TASK STATEMENT
In the entries below, some lines contain "Натюрморт"; work out how many and answer with the figure only.

DATA RECORDS
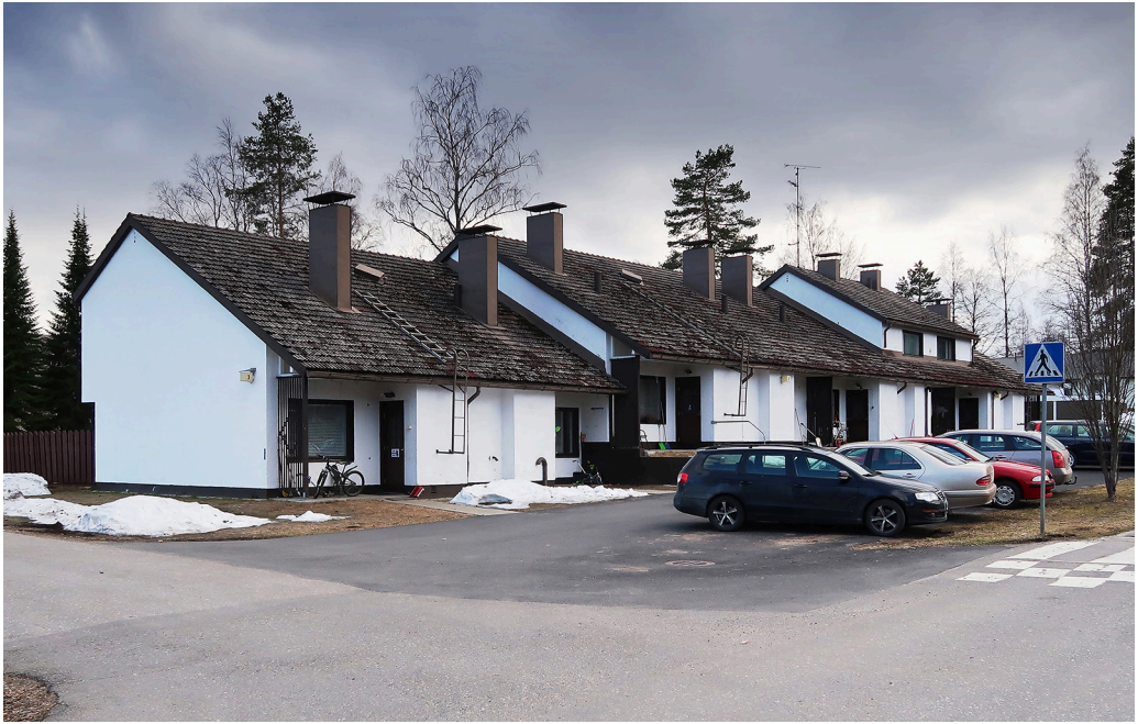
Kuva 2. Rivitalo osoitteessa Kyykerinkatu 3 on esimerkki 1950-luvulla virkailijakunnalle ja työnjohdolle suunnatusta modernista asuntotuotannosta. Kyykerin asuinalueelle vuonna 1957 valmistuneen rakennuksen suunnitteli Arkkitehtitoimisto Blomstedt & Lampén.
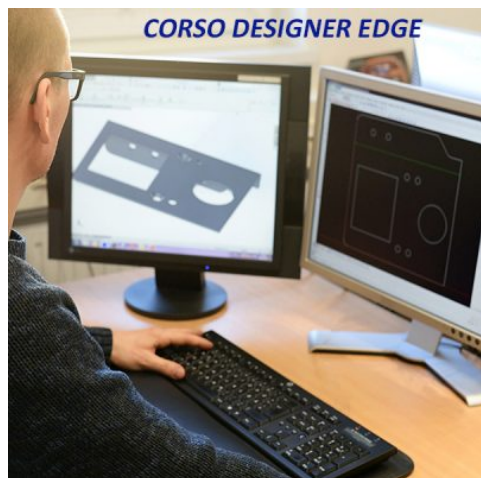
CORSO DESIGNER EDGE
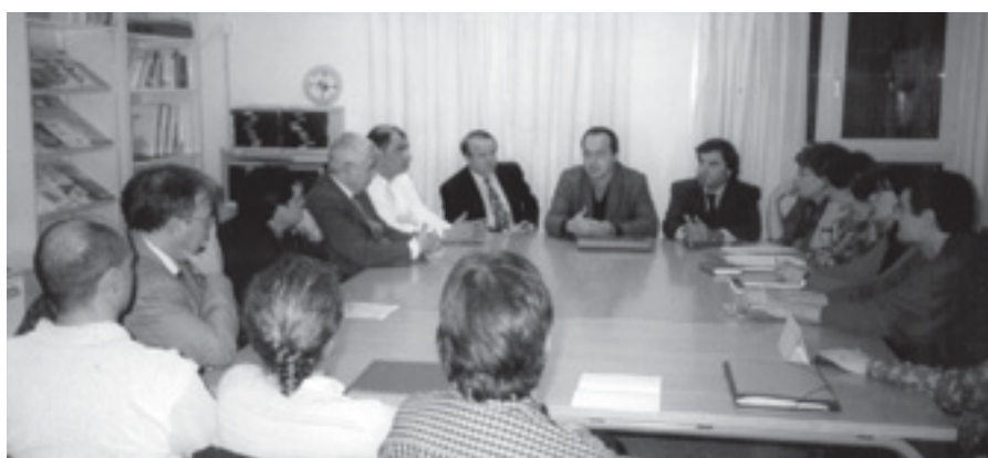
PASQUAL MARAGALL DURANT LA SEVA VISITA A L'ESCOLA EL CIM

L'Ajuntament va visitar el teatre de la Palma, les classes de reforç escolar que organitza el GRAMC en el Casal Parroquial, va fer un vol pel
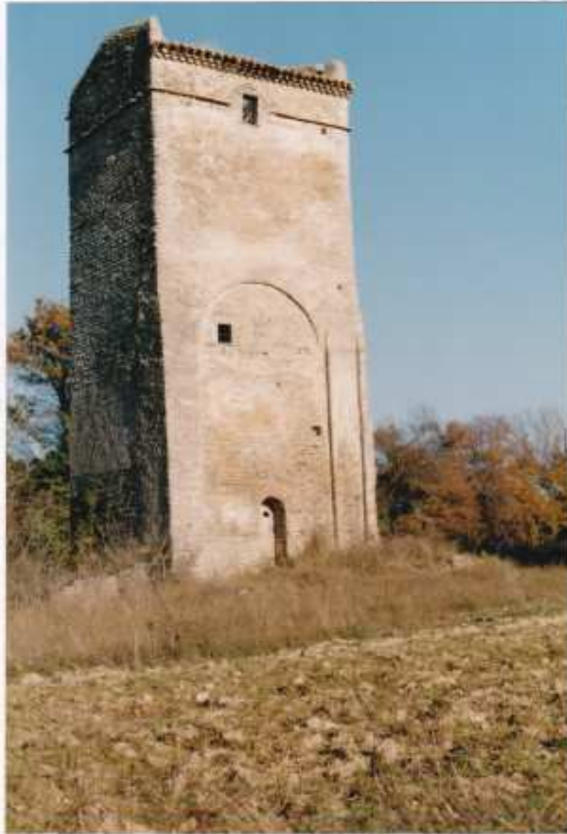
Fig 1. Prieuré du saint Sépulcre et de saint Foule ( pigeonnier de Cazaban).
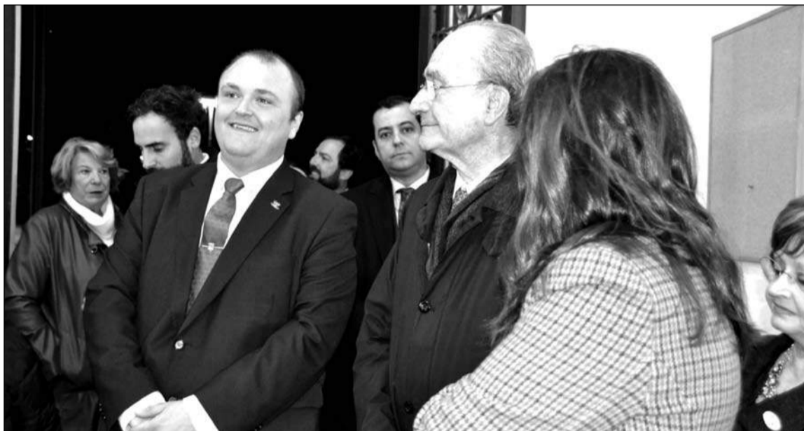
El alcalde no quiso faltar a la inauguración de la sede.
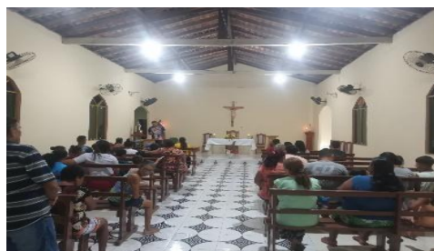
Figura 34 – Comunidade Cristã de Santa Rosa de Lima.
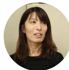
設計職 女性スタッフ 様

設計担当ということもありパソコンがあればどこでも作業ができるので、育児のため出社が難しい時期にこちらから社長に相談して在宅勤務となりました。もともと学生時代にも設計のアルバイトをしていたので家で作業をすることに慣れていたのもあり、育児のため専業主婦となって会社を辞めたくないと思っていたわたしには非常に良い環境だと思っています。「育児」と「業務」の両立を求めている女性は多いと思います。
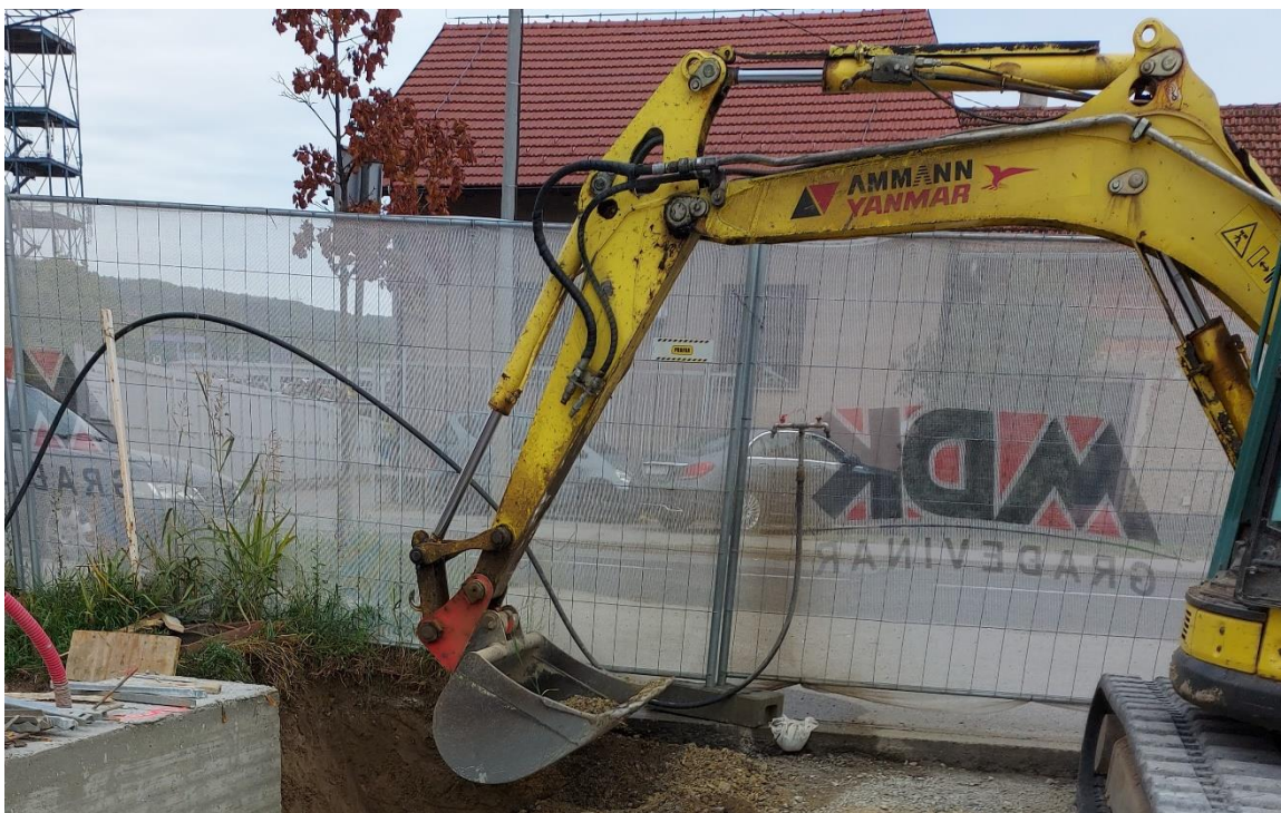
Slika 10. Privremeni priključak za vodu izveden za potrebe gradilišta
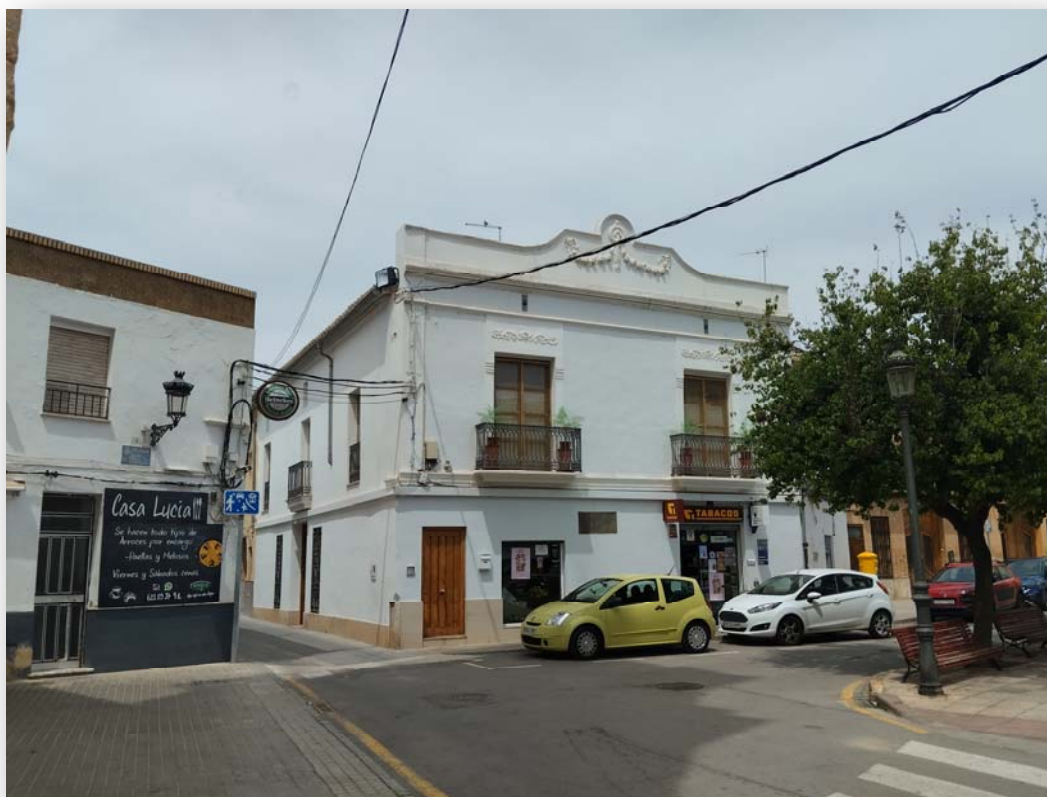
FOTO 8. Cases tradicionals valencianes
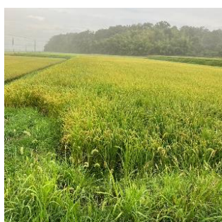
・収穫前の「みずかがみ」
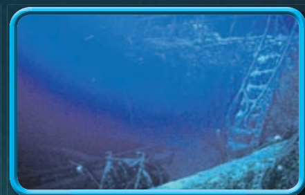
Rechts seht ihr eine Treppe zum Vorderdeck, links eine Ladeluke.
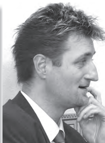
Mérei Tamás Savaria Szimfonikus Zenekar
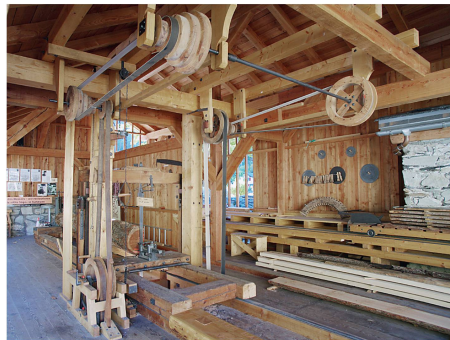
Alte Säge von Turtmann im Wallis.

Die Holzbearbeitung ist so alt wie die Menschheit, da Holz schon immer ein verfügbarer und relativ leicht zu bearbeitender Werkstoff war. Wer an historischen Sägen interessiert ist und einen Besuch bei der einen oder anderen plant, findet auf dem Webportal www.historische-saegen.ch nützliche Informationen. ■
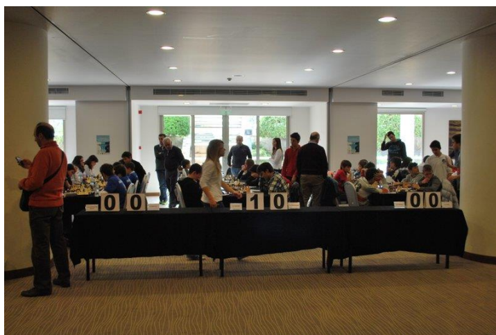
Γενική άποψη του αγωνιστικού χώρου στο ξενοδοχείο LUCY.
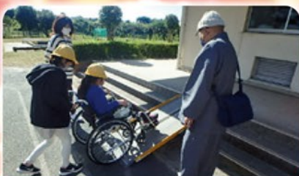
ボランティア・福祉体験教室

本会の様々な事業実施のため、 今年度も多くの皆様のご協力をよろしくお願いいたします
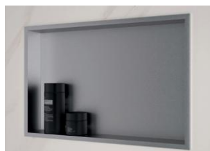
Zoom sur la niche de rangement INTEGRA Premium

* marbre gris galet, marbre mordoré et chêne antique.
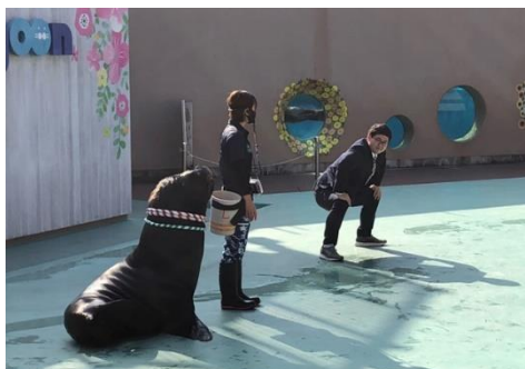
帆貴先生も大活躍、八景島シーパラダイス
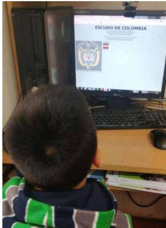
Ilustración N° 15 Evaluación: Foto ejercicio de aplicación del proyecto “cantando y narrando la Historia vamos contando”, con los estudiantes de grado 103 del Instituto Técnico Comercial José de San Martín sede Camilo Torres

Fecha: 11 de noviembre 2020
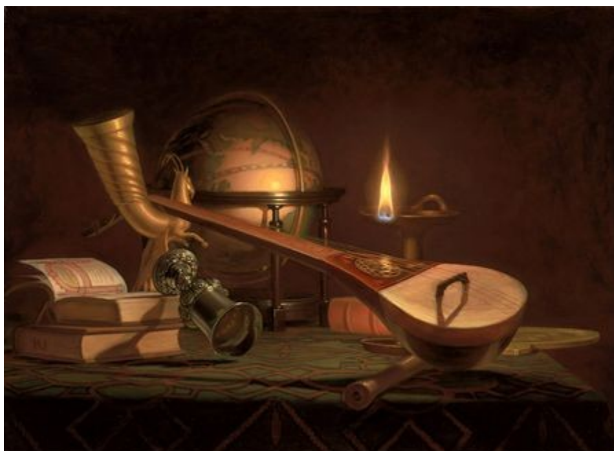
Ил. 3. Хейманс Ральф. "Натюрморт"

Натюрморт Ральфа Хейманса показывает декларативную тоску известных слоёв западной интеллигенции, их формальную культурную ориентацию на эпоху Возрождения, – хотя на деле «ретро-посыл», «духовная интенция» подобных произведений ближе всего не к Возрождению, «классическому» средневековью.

ANSWER TO THIS PROBLEM
2